Scan the records beneath this line for the line holding "深圳新聞網(wǎng)·見圳" and the line holding "初級・中級者バドミントン教室", then transcribe exactly those two and all lines between.
··· Input data ···
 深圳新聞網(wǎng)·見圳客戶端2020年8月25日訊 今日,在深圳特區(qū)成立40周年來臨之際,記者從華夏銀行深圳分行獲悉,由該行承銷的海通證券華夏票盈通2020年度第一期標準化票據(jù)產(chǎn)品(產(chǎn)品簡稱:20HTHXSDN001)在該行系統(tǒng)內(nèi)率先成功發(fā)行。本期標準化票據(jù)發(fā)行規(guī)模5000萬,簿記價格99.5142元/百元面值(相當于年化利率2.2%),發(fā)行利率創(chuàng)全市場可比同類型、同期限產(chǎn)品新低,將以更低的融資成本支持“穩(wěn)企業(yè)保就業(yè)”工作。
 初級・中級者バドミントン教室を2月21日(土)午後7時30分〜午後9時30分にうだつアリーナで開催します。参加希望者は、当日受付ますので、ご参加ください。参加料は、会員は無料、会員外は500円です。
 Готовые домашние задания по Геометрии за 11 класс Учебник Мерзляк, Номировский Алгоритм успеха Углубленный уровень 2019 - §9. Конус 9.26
···
··· Input data ···
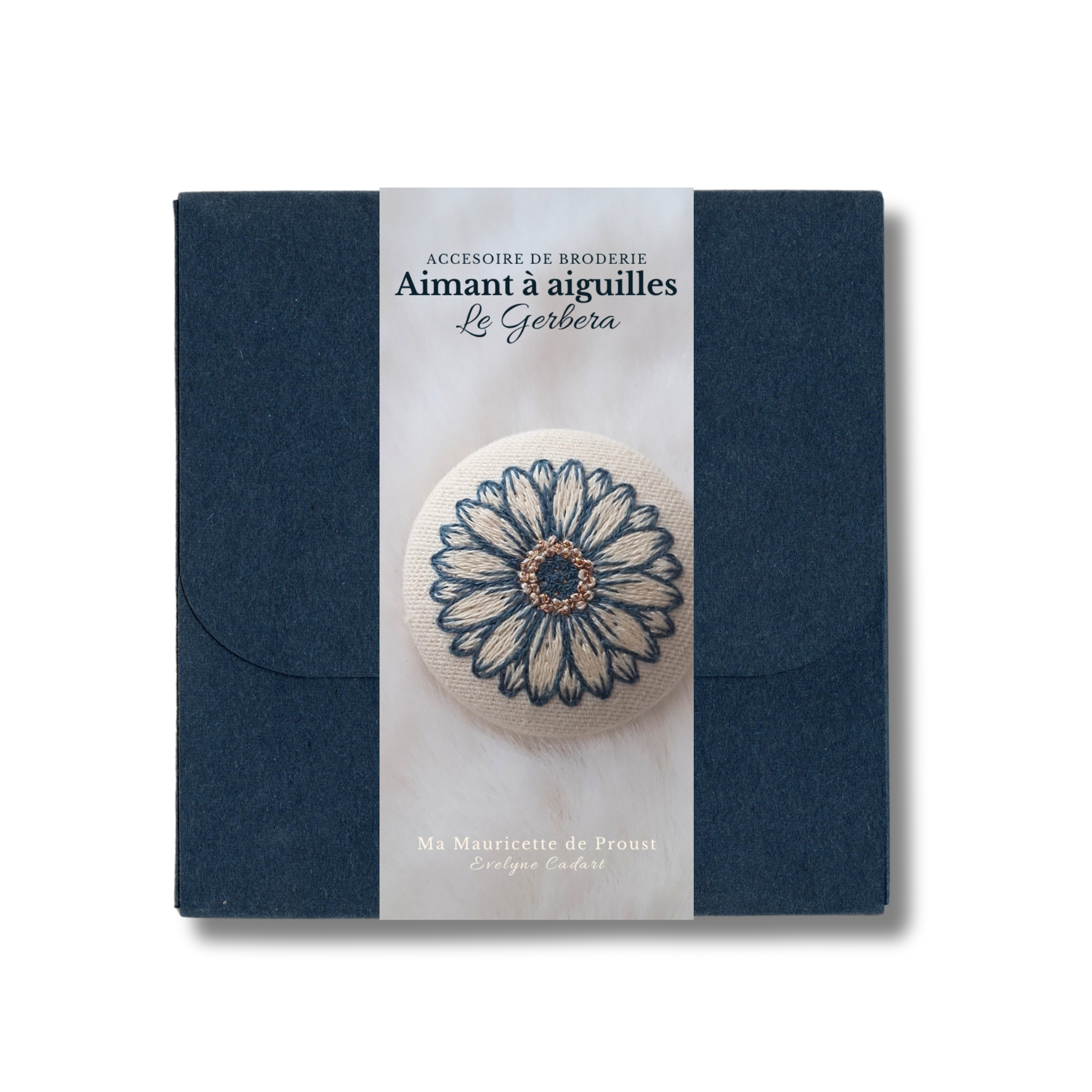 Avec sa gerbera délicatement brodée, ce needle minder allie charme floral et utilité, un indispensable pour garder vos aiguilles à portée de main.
···
··· Input data ···
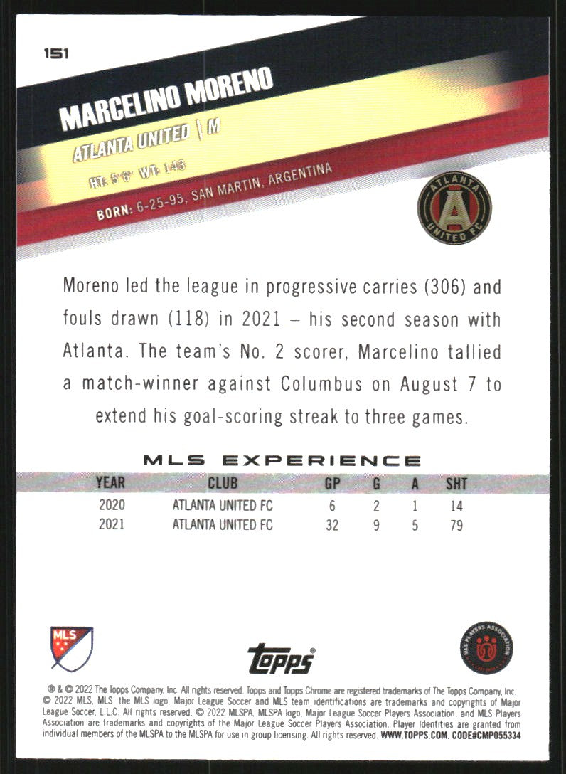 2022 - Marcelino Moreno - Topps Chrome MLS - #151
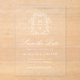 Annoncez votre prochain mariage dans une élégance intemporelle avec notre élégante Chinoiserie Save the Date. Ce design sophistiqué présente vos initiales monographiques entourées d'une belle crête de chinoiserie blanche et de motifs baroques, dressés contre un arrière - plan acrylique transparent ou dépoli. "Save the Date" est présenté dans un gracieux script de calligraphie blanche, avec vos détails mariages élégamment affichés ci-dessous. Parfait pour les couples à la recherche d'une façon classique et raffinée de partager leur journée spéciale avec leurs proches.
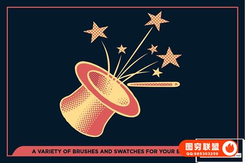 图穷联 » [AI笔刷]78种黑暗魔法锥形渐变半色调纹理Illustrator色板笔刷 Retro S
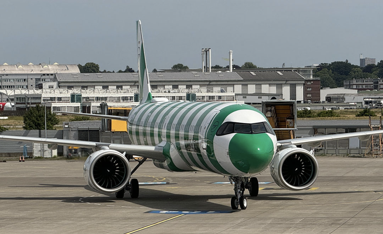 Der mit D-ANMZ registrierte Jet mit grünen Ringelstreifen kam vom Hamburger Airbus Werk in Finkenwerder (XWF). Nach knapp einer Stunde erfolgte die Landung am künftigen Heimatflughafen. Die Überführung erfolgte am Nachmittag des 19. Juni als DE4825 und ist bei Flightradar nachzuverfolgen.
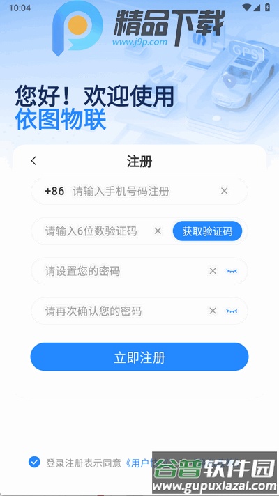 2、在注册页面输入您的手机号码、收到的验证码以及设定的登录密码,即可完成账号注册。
···
- _Expected output_:
 深圳新聞網(wǎng)·見圳客戶端2020年8月25日訊 今日,在深圳特區(qū)成立40周年來臨之際,記者從華夏銀行深圳分行獲悉,由該行承銷的海通證券華夏票盈通2020年度第一期標準化票據(jù)產(chǎn)品(產(chǎn)品簡稱:20HTHXSDN001)在該行系統(tǒng)內(nèi)率先成功發(fā)行。本期標準化票據(jù)發(fā)行規(guī)模5000萬,簿記價格99.5142元/百元面值(相當于年化利率2.2%),發(fā)行利率創(chuàng)全市場可比同類型、同期限產(chǎn)品新低,將以更低的融資成本支持“穩(wěn)企業(yè)保就業(yè)”工作。
 初級・中級者バドミントン教室を2月21日(土)午後7時30分〜午後9時30分にうだつアリーナで開催します。参加希望者は、当日受付ますので、ご参加ください。参加料は、会員は無料、会員外は500円です。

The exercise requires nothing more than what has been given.